Further, the recirculation efficiency also appears to be different in different systems. Wong et al suggest that the hot Jupiters experiencing the highest irradiation, such as WASP-19b, are least efficient at redistributing heat, while
longer-period, less-irradiated hot Jupiters such as HD209458b and HD189733b are better at redistribution.
NASA have put out a press release regarding the largest-ever study of hot-Jupiter atmospheres by the Hubble Space Telescope and the Spitzer Space Telescope. Of the ten planets studied, six are WASP discoveries.
The results, published in Nature, report that hot Jupiters are a diverse group that have atmospheres ranging from clear to cloudy. Strong water absorption lines are seen when the planets have a clear atmosphere, but less so when the atmospheres are dominated by clouds and hazes.

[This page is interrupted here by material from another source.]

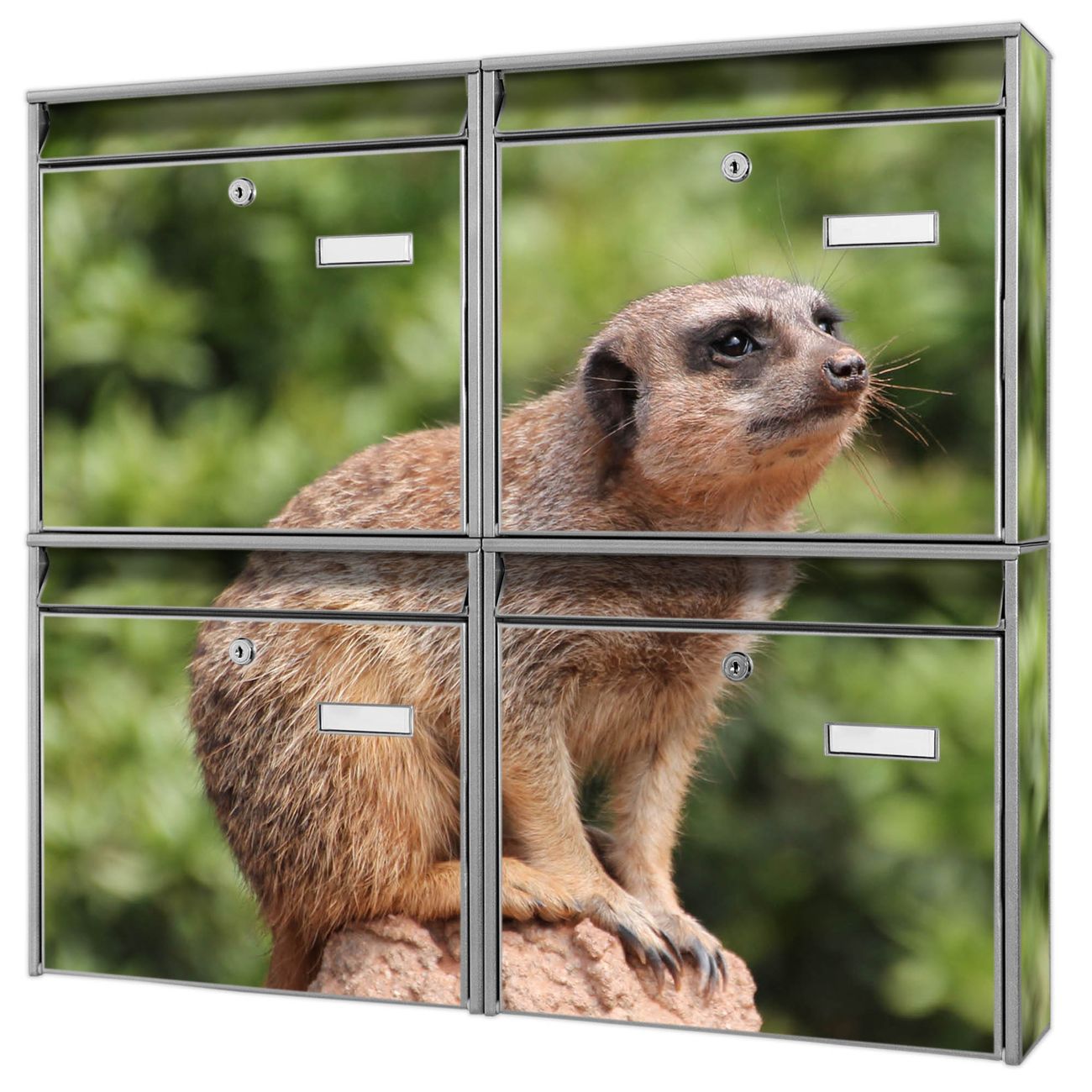FUNKTION: Die Burg-Wächter Briefkastenanlage mit Motiv Sitzendes Erdmännchen bietet Ihnen ausreichend Fassungsvermögen um auch A4 und C4 Sendungen zu empfangen. Das integrierte Namensschild lässt sich individuell beschriften. Wählen Sie aus den Grundfarben weiß, silber und schwarz. DESIGN: Die 4 Briefkästen haben ein ansprechendes und zeitloses Design, ohne dabei auf Funktionalität zu verzichten. Das Material ist sehr stabil, wetterfest und rostfrei. Durch das Motiv Sitzendes Erdmännchen werden die Postkästen zu einem Blickfang. DETAILS: Die Postkästen bestehen aus verzinktem Stahl der zusätzlich mit Klarlack versiegelt wurde. Die Kästen sind gesamt 64,5cm hoch, 72,5cm breit und 10cm tief. Das Motiv besteht aus einer wetter- und UV-festen Folie, die Ihren Briefkasten zusätzlich vor Kratzern schützt. Die Postkästen werden mit Montagematerial, je einem Namensschild und je zwei Schlüsseln geliefert. NUTZEN: Das Briefkastenset eignet sich für die Wandmontage, die Größe bietet genügend Platz für Sendungen aller Art. Das zeitlose Design sowie die stabile Bauart bieten Ihnen einen treuen Begleiter für Ihre Post. BANJADO:

Planets such as WASP-17b and WASP-19b have clear atmospheres and show the strongest water features, whereas planets such as WASP-12b and WASP-31b are more cloudy.

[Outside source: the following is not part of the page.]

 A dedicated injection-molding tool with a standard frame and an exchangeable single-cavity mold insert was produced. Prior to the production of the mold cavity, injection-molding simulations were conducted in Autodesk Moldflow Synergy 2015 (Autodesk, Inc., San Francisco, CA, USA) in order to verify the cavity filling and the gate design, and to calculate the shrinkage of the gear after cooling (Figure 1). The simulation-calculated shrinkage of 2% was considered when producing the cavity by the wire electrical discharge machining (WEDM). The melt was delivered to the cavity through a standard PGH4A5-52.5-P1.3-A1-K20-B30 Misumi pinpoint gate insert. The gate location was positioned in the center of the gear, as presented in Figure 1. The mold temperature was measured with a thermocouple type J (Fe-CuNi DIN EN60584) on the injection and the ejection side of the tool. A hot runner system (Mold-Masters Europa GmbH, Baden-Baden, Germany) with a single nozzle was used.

The NASA press release has so far resulted in articles on over 110 news websites worldwide. The paper was lead-authored by David Sing of the University of Exeter.
A new paper by Joshua Kammer et al reports observations of 5 transiting hot-Jupiter planets with the Spitzer Space Telescope. The Spitzer infra-red observations looked for the occultation of the planet, when it passes behind its host star. By comparing the observed emission in and out of the occultation one can deduce the temperature of the planet’s atmosphere.
Kammer and colleagues chose to look at 5 relatively cool hot-Jupiter planets (ones around cooler stars, or orbiting further from the star), with expected temperatures in the range 900 to 1200 K. Of the 5, four were WASP planets (WASP-6b, WASP-10b, WASP-39b and WASP-67b).
The point of looking at cooler planets is that the ratio of the light in two Spitzer pass-bands, 3.6 and 4.5 microns, is expected to depend on the metallicity (the abundance of elements heavier than hydrogen and helium) of the planet’s atmosphere.
The authors found a tentative but possible relation between that ratio and the mass of the planet.
The plot shows the brightness ratio in the two pass-bands against planet mass. The named planets are also colour-coded by the planet’s temperature (where the top bar shows the scale in Kelvin). There is a possible trend to a higher ratio at higher masses (WASP-8b is a clear outlier to the trend, and the authors suggest that this might be because it is in a highly eccentric orbit).
Kammer et al say that “If this trend can be confirmed, it would suggest that the shape of these planets’ emission spectra depends primarily on their masses, consistent with the hypothesis that lower-mass planets are more likely to have metal-rich atmospheres.”